In the space of a few weeks, there have been two mass killings in our country. When something like this happens — and it does so with increasing frequency — many wonder how to explain something to their children that they don’t understand themselves.
Sometimes it’s easier not to talk about it at all.
I was eight years old when John F. Kennedy was assassinated.
I remember my third grade teacher announcing that the president had been shot, although I can’t recall her exact words. I do remember seeing some of the girls in my class crying.
The grade school I attended was a large, rectangular two-story building with classrooms lining the perimeter and opening onto a large common area. Someone had set up a black and white television set in the common area. When I left the school that day the TV was on and a newsman was talking.
When I got home I tried to show some young male bravado to my mother. “The girls cried, but I didn’t.”
She answered me kindly. “Maybe you were crying on the inside.”
I felt embarrassed by her gentle remonstrance, so I agreed. Yes, I had been crying on the inside. The truth was I didn’t understand anything that was happening.

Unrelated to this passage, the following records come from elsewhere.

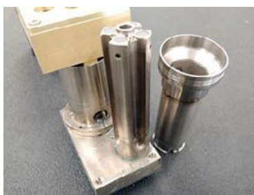
ControlFlow system with grooved riser and sleeve

Overview. ControlFlow solder nozzles are specially designed with controlled flow risers and sleeves that significantly reduces the formation of solder dross and minimizes the creation of solder balls.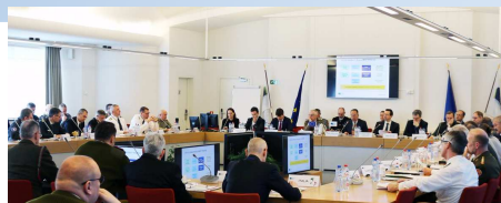
Brussels 3 Apr.: EU Military Committee visit to the European Defence Agency (EDA)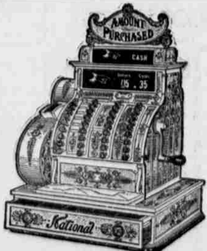
No. 442, Price $200.

Total adder with all the latest improvements; including detail strip, printing attachment, 27 keys, 5c to $6.95. Charge, Received on Account and Paid Out keys.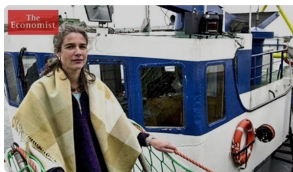
Abortion at Sea (Economist Films, 2017).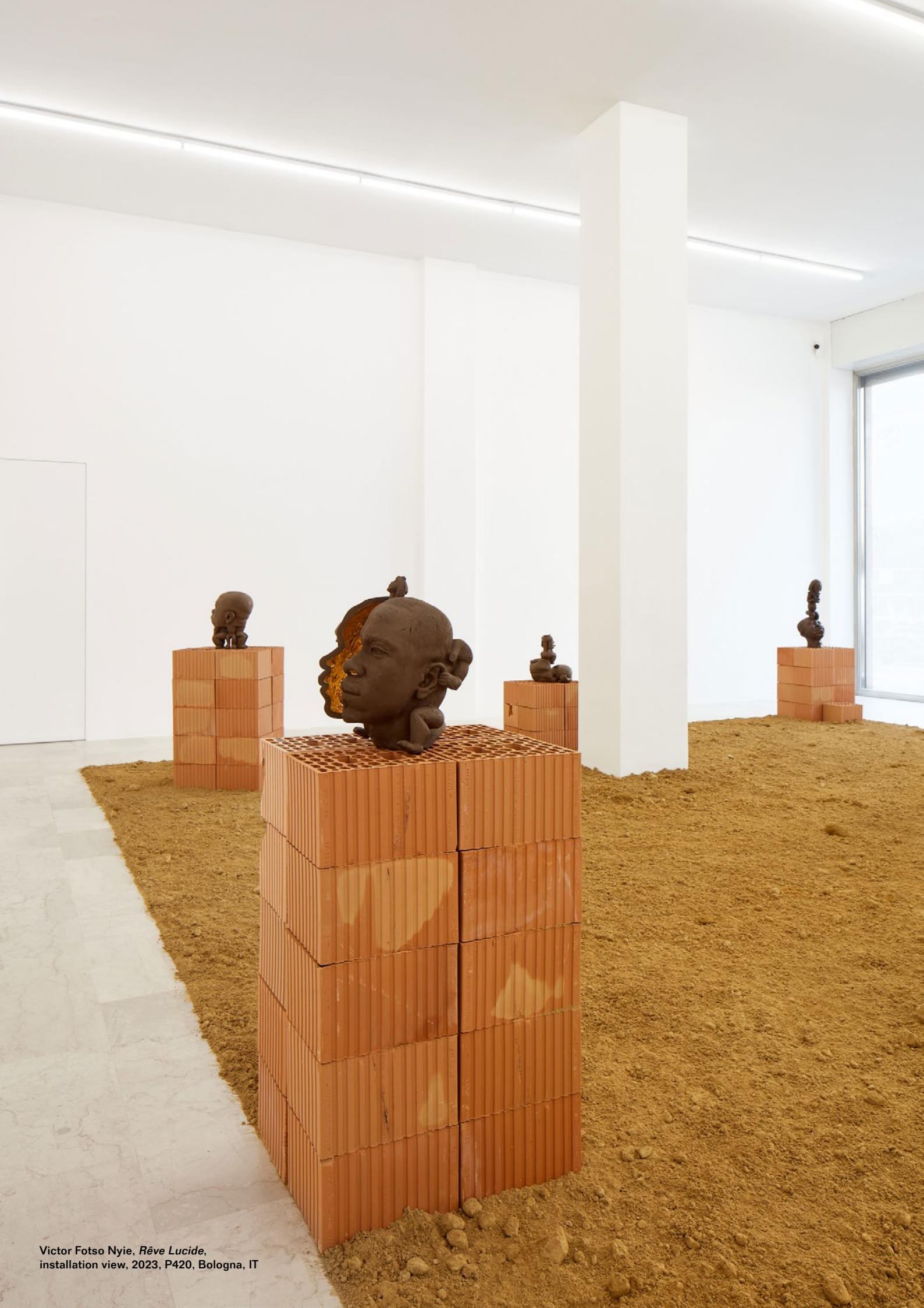
Victor Fotso Nyie, Rêve Lucide , installation view, 2023, P420, Bologna, IT

My mother and I had to go into town that afternoon for my weekly allergy shot. Afterward, when we walked down Main Street to catch the bus back home, we ran into my teacher. She and my mother talked for a while. I stood by, woolgathering, not paying attention to the conversation. They were talking about grown-up things. Nevertheless, I do remember hearing my teacher say something like, “I didn’t like the man, but I wouldn’t have wanted someone to shoot him.”
On Saturday, everybody was watching TV. I went outside and walked around. Our neighborhood was ghostly quiet. No cars. No people.
I was bored.
I wanted everything to get back to normal.
You would think that I was totally oblivious to what happened on November 22, 1963. But I wasn’t. My young mind simply couldn’t process what was going on.
Some months later my parents bought a book titled Four Days. It was mostly photographs, chronicling the events surrounding the Kennedy assassination. In the succeeding years I looked through that book more times than I can count. I virtually memorized every detail. And I pondered those pictures and their meaning often.
For me the enormity of that day’s events didn’t hit home for five more years, when Robert Kennedy and Martin Luther King were gunned down. The world changed for me that year. I became aware of Vietnam and the casualty reports that had now become routine parts of the evening news. The carefree innocence of childhood dissipated and I became aware that this world in which we live can be a frightfully dark and painful place.
On September 11, 2001, nearly thirty-eight years after John F. Kennedy was assassinated, my family and I were at a motel in Jackson, Mississippi. I was in my second year as a full-time freelance writer and we were going to Atlanta to meet with some people who had hired me to write curriculum for them.
My son was twelve years old and my daughter was eight.
We had planned to spend a day sightseeing in Jackson, so we didn’t get up early. When we finally did get moving, the kids turned the TV on to a cartoon show. We had no idea what was happening.
I learned about the tragedy when I went down to the motel’s breakfast room to grab some coffee. I knew something was up the instant I walked into the room. People were standing around as if they’d been frozen in place. Every eye was transfixed on a small television mounted high up in a far corner.
“What’s going on?” I asked one man.
“Haven’t you heard?” he said. “We’re under attack.”
I stood there, not sure I’d heard him correctly. And then I watched, horrified, as the tragedy at the twin towers unfolded. When I went back to the room, I told my wife what was happening.
The children were still watching cartoons.
Their world was about to be transformed. But for as long as possible I wanted to shield them from the harsh reality of life.
I decided not to change the channel.